Your objective.
Quote exactly and only this range of lines in the data below: the line that holds "Der Epilograum im" to the line that holds "Wakapolri Komjen Dedi", both included.

Information shown.
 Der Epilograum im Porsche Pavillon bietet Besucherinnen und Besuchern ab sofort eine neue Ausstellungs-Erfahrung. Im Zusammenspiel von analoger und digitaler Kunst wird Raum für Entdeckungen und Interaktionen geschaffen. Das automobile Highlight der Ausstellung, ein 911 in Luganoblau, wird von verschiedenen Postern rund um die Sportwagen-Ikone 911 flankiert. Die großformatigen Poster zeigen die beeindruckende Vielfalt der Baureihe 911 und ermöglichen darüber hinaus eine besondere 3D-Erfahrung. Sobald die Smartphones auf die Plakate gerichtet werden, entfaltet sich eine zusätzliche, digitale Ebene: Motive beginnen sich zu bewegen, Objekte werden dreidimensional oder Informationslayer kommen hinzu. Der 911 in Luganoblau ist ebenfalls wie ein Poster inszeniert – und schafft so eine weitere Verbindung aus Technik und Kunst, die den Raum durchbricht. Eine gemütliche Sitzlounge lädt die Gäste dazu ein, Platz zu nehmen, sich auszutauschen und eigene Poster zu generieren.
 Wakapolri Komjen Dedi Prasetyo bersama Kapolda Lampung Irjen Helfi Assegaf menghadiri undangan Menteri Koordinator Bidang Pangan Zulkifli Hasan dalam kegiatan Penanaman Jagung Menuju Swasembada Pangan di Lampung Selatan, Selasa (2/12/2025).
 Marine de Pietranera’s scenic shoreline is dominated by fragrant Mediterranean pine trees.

...

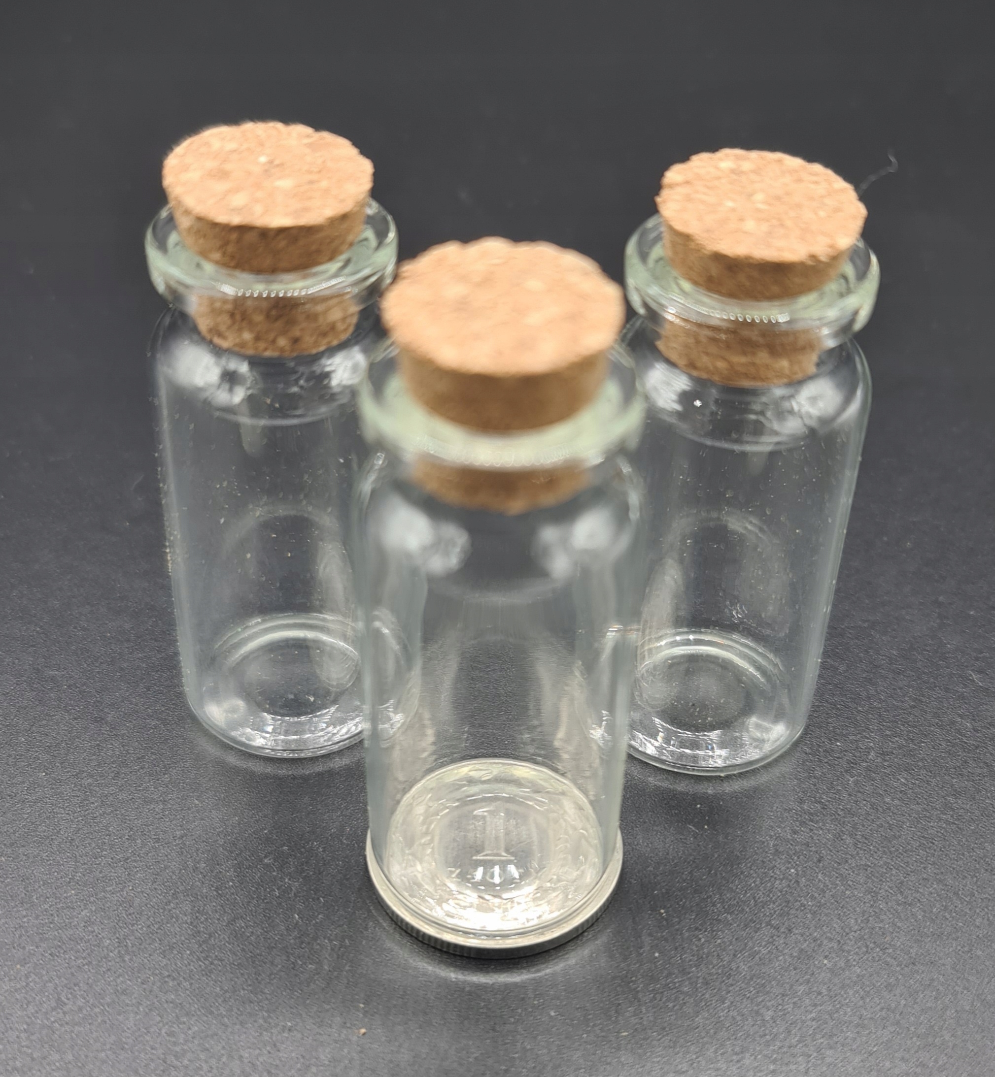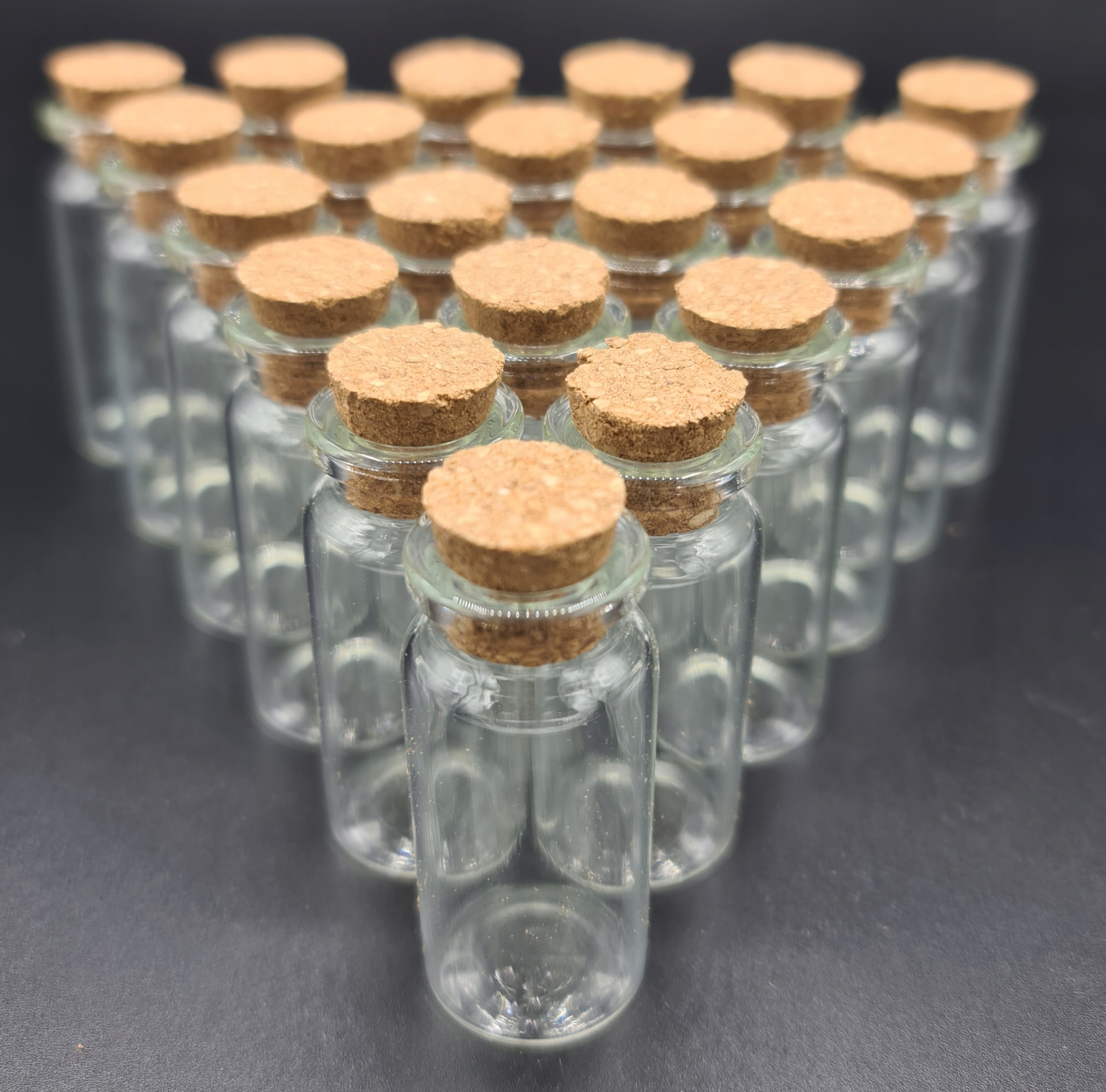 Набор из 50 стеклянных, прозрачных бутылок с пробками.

Written answer.
 Der Epilograum im Porsche Pavillon bietet Besucherinnen und Besuchern ab sofort eine neue Ausstellungs-Erfahrung. Im Zusammenspiel von analoger und digitaler Kunst wird Raum für Entdeckungen und Interaktionen geschaffen. Das automobile Highlight der Ausstellung, ein 911 in Luganoblau, wird von verschiedenen Postern rund um die Sportwagen-Ikone 911 flankiert. Die großformatigen Poster zeigen die beeindruckende Vielfalt der Baureihe 911 und ermöglichen darüber hinaus eine besondere 3D-Erfahrung. Sobald die Smartphones auf die Plakate gerichtet werden, entfaltet sich eine zusätzliche, digitale Ebene: Motive beginnen sich zu bewegen, Objekte werden dreidimensional oder Informationslayer kommen hinzu. Der 911 in Luganoblau ist ebenfalls wie ein Poster inszeniert – und schafft so eine weitere Verbindung aus Technik und Kunst, die den Raum durchbricht. Eine gemütliche Sitzlounge lädt die Gäste dazu ein, Platz zu nehmen, sich auszutauschen und eigene Poster zu generieren.
 Wakapolri Komjen Dedi Prasetyo bersama Kapolda Lampung Irjen Helfi Assegaf menghadiri undangan Menteri Koordinator Bidang Pangan Zulkifli Hasan dalam kegiatan Penanaman Jagung Menuju Swasembada Pangan di Lampung Selatan, Selasa (2/12/2025).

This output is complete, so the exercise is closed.